## [Records shown]

# # # # # # #

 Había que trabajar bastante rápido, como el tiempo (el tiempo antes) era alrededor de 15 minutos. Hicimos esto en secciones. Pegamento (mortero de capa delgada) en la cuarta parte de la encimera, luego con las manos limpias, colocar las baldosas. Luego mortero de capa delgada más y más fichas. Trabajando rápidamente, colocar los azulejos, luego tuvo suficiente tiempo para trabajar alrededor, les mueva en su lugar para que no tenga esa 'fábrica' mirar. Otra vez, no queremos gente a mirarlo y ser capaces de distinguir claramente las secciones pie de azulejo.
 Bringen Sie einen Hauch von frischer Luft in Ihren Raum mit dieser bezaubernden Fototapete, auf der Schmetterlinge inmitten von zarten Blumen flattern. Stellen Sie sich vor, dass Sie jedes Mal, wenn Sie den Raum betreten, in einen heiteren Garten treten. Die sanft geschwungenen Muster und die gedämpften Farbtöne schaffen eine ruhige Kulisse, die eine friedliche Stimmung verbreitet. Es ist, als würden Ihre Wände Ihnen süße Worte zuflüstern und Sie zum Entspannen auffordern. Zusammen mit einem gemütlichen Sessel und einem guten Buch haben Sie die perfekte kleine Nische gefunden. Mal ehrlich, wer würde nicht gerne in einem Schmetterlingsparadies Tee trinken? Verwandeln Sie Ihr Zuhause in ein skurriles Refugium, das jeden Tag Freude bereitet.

# # # # # # #

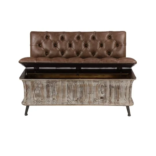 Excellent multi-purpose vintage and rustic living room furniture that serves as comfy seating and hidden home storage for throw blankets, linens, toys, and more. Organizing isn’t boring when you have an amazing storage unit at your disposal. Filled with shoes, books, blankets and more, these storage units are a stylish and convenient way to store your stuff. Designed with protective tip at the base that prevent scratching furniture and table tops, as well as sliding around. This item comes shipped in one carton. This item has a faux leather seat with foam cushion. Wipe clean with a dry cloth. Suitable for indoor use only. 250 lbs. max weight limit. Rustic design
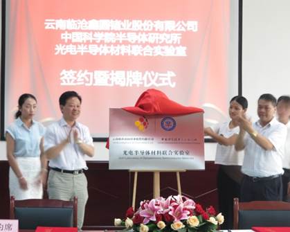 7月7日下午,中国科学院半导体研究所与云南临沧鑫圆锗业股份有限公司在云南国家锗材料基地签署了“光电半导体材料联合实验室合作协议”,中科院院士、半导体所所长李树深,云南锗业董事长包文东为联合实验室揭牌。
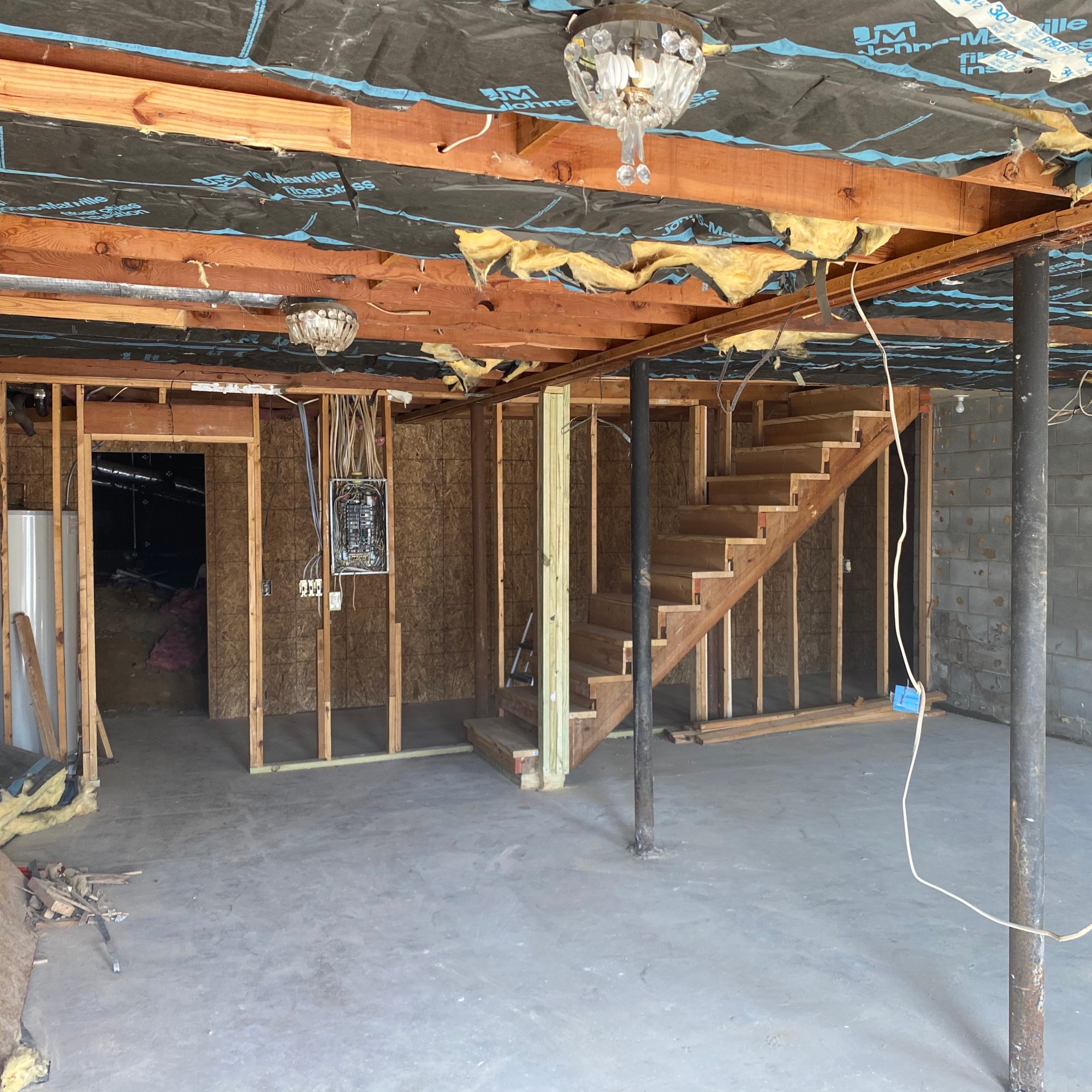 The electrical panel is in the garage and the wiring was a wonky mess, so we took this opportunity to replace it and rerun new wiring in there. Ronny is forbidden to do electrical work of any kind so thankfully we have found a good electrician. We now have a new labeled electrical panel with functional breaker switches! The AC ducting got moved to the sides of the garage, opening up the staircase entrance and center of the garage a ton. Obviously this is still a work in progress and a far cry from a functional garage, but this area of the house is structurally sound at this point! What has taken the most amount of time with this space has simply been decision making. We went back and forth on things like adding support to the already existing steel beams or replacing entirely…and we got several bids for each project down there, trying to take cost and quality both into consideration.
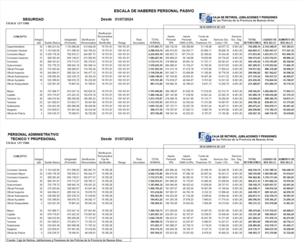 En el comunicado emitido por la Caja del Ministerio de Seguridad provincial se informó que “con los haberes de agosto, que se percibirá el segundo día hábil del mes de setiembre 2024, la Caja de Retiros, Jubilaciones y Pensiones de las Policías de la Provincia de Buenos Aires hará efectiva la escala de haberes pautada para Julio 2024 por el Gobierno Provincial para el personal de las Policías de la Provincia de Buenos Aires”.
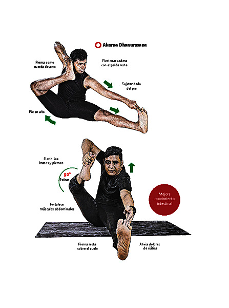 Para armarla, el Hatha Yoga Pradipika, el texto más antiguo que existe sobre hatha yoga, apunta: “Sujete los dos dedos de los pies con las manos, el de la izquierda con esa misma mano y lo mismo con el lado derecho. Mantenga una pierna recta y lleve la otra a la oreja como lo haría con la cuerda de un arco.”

# # # # # # #

## [Instructions to follow]
Look through the material above and print exactly the lines from the one containing "Había que trabajar" to the one containing "Bringen Sie einen", both included, and nothing more.

## [Response to this task]
 Había que trabajar bastante rápido, como el tiempo (el tiempo antes) era alrededor de 15 minutos. Hicimos esto en secciones. Pegamento (mortero de capa delgada) en la cuarta parte de la encimera, luego con las manos limpias, colocar las baldosas. Luego mortero de capa delgada más y más fichas. Trabajando rápidamente, colocar los azulejos, luego tuvo suficiente tiempo para trabajar alrededor, les mueva en su lugar para que no tenga esa 'fábrica' mirar. Otra vez, no queremos gente a mirarlo y ser capaces de distinguir claramente las secciones pie de azulejo.
 Bringen Sie einen Hauch von frischer Luft in Ihren Raum mit dieser bezaubernden Fototapete, auf der Schmetterlinge inmitten von zarten Blumen flattern. Stellen Sie sich vor, dass Sie jedes Mal, wenn Sie den Raum betreten, in einen heiteren Garten treten. Die sanft geschwungenen Muster und die gedämpften Farbtöne schaffen eine ruhige Kulisse, die eine friedliche Stimmung verbreitet. Es ist, als würden Ihre Wände Ihnen süße Worte zuflüstern und Sie zum Entspannen auffordern. Zusammen mit einem gemütlichen Sessel und einem guten Buch haben Sie die perfekte kleine Nische gefunden. Mal ehrlich, wer würde nicht gerne in einem Schmetterlingsparadies Tee trinken? Verwandeln Sie Ihr Zuhause in ein skurriles Refugium, das jeden Tag Freude bereitet.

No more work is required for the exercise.